Ferdinand Hutahaean: Pembubaran FPI Tidak Mencederai Demokrasi

Jumat, 1 Januari 2021 09:00

Mantan politikus Partai Demokrat Ferdinand Hutahaean. (@FerdinandHaean3/Twitter)

FAJAR.CO.ID, JAKARTA – Mantan politikus Partai Demokrat Ferdinand Hutahaean menilai keputusan pemerintah melarang Front Pembela Islam (FPI) tidak mencederai demokrasi seperti yang ditudingkan banyak pihak.

Menurutnya, demokrasi di Indonesia bisa berjalan dengan baik tanpa adanya intimidasi dari segelintir kelompok tertentu yang membuat rakyat takut bersuara.

“Pembubaran FPI sedikitpun tdk mencederai demokrasi yg ada dinegeri ini. Demokrasi berjalan dgn baik dan tdk ada intimidasi yg membuat rakyat takut berdemokrasi atau bersuara,” ujar Ferdinand dalam akun Twitter @FerdinandHaean3, Jumat (1/1).

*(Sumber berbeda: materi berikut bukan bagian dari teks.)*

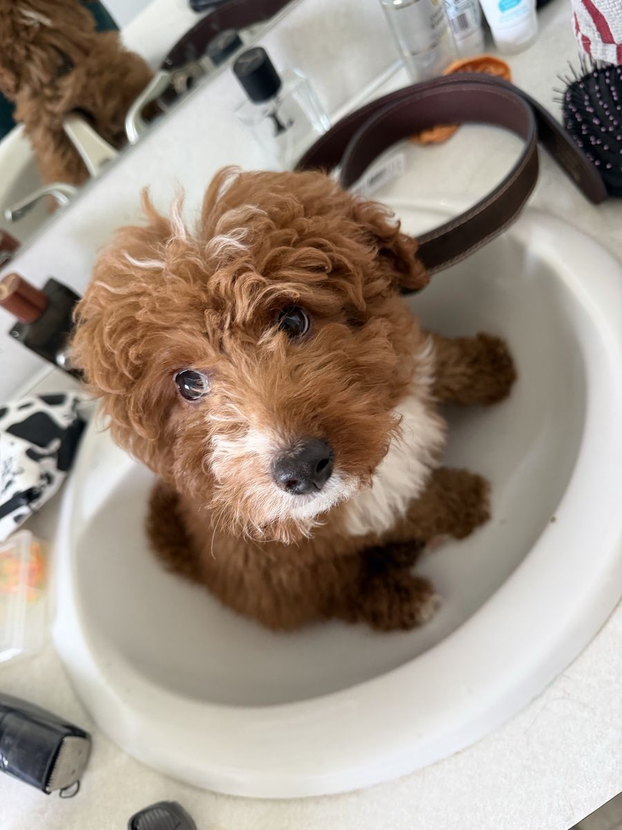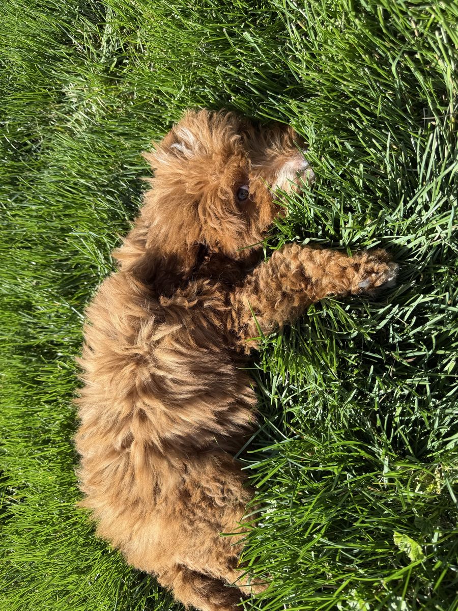 This is who my kids call Ted or Teddy. He is a 10 week old golden doodle mini with all his vaccines and he is needing a forever home! He is great with other dogs, cats, kids, and is very calm and docile for a pup. He would rather cuddle you all day than play games. He is working on his potty training and doing great, half kennel trained an is food motivated for training! Hoping to find him a forever home as soon as possible! Make him your Easter bunny gift for your family.

Ia menambahkan, alih-alih mencederai demokrasi, pelarangan FPI merupakan bagian dari merawat bangsa.

Pelarangan itu juga dinilainya merupakan bentuk menjaga Indonesia dari ormas-ormas yang kerap melanggar aturan.

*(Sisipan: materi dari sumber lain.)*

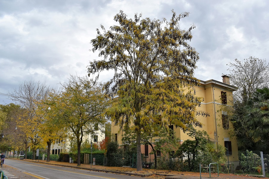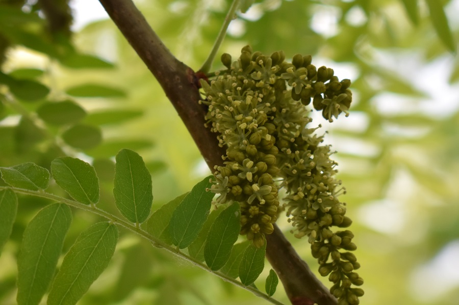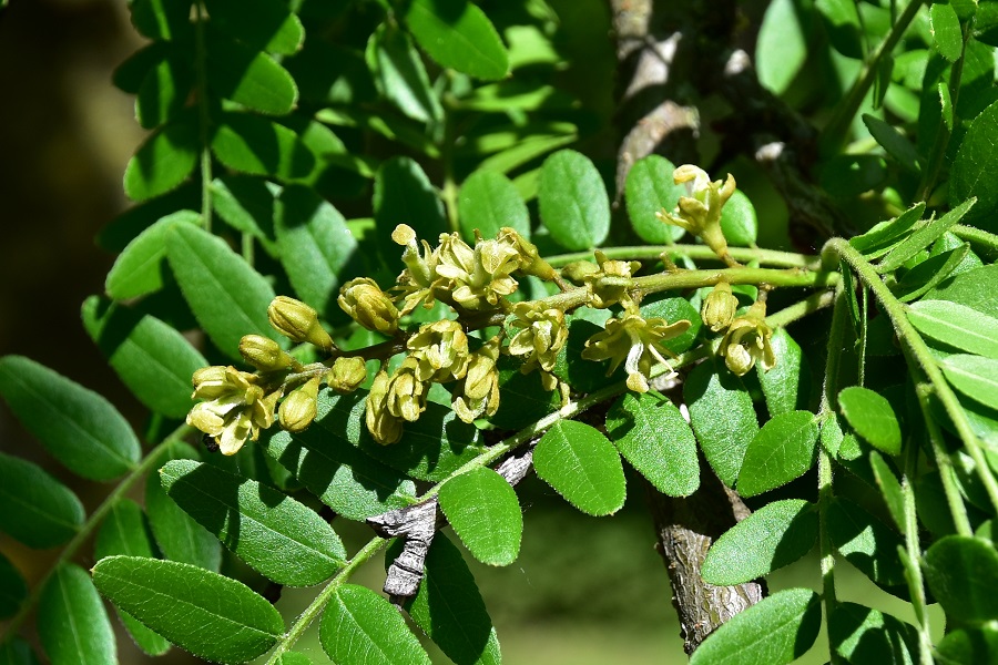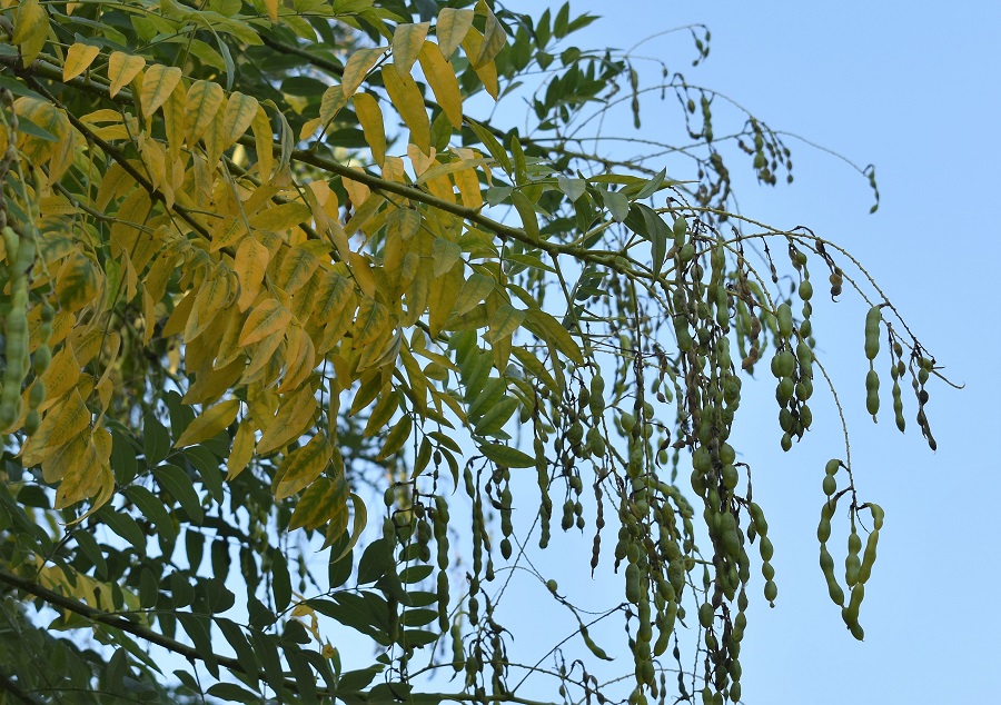 – fiori biancoverdognoli su candelieri reclinati – frutti: baccelli segmentati – corteccia simile a quella della Robinia – chioma tondeggiate

“Pembubaran FPI ini adlh bagian dr merawat kebangsaan, menjaga Indonesia dr ormas2 yg tdk taat aturan,” katanya.

Sebelumnya, sejumlah organisasi yang tergabung dalam Koalisi Masyarakat Sipil menyebut Surat Keputusan Bersama (SKB) enam menteri dan kepala lembaga soal pelarangan Front Pembela Islam (FPI) bertentangan dengan kebebasan berkumpul dan berserikat.

UU Nomor 16 Tahun 2017 tentang Ormas yang menjadi dasar SKB FPI dinilai secara konseptual bermasalah secara perspektif negara hukum.

“UU Ormas memungkinkan pemerintah untuk membubarkan organisasi secara sepihak tanpa melalui proses peradilan (due process of law),” bunyi keterangan koalisi yang diterima Kamis (31/12).